What to produce: The reply should contain every line of the data, repeated exactly, and no pictures.

Given material:
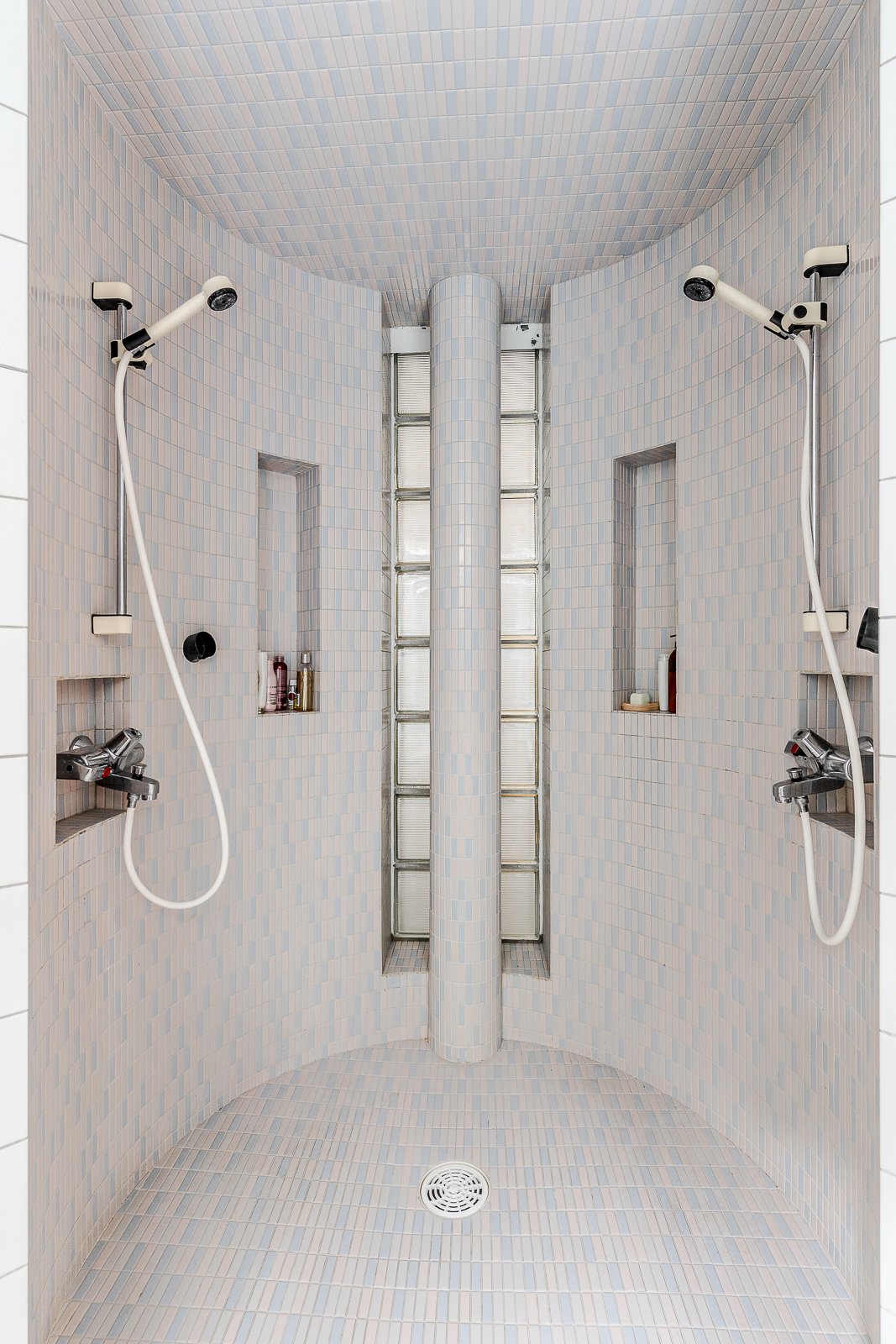 Spa-osasto jossa poreallas, yläkerrassa erillinen kylpyhuone. Tilat kokonaan kaakeloitu.
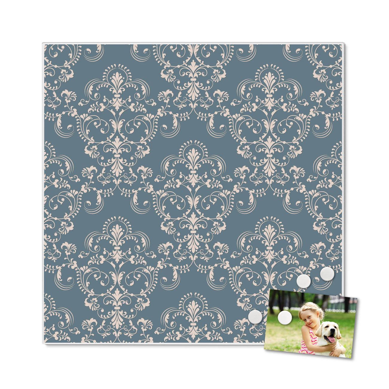 Die banjado Design Magnettafel mit Motiv Motiv Royal Creme Blau bringt Ordnung in Ihr Zettelchaos. Fotos, Termine, Notizen oder Rezepte lassen Sich hier stilvoll mit Magneten ordnen, Sie behalten alles im Blick. An der Pinnwand halten alle handelsüblichen Magnete. Mit dieser Pinnwand aus Metall haben Sie auch ohne Notizen und Magnete ein schönes Dekoelement. Das Quadratische Format bietet Ihnen ausreichend Platz um alle wichtigen Informationen im Blick zu behalten.
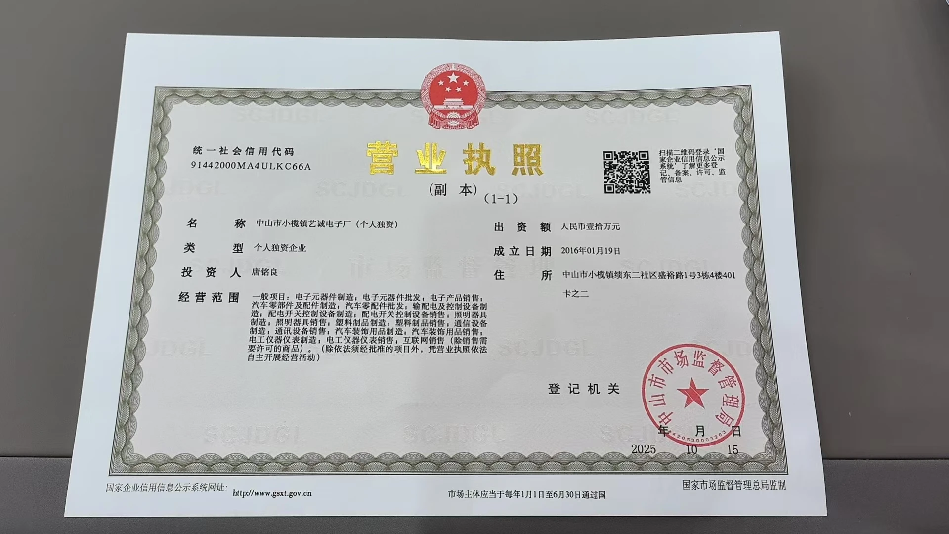 Company Name : Zhongshan Xiaolan Yicheng Electronics Factory (Sole Proprietorship)

Exercise solution:
 Spa-osasto jossa poreallas, yläkerrassa erillinen kylpyhuone. Tilat kokonaan kaakeloitu.
 Die banjado Design Magnettafel mit Motiv Motiv Royal Creme Blau bringt Ordnung in Ihr Zettelchaos. Fotos, Termine, Notizen oder Rezepte lassen Sich hier stilvoll mit Magneten ordnen, Sie behalten alles im Blick. An der Pinnwand halten alle handelsüblichen Magnete. Mit dieser Pinnwand aus Metall haben Sie auch ohne Notizen und Magnete ein schönes Dekoelement. Das Quadratische Format bietet Ihnen ausreichend Platz um alle wichtigen Informationen im Blick zu behalten.
 Company Name : Zhongshan Xiaolan Yicheng Electronics Factory (Sole Proprietorship)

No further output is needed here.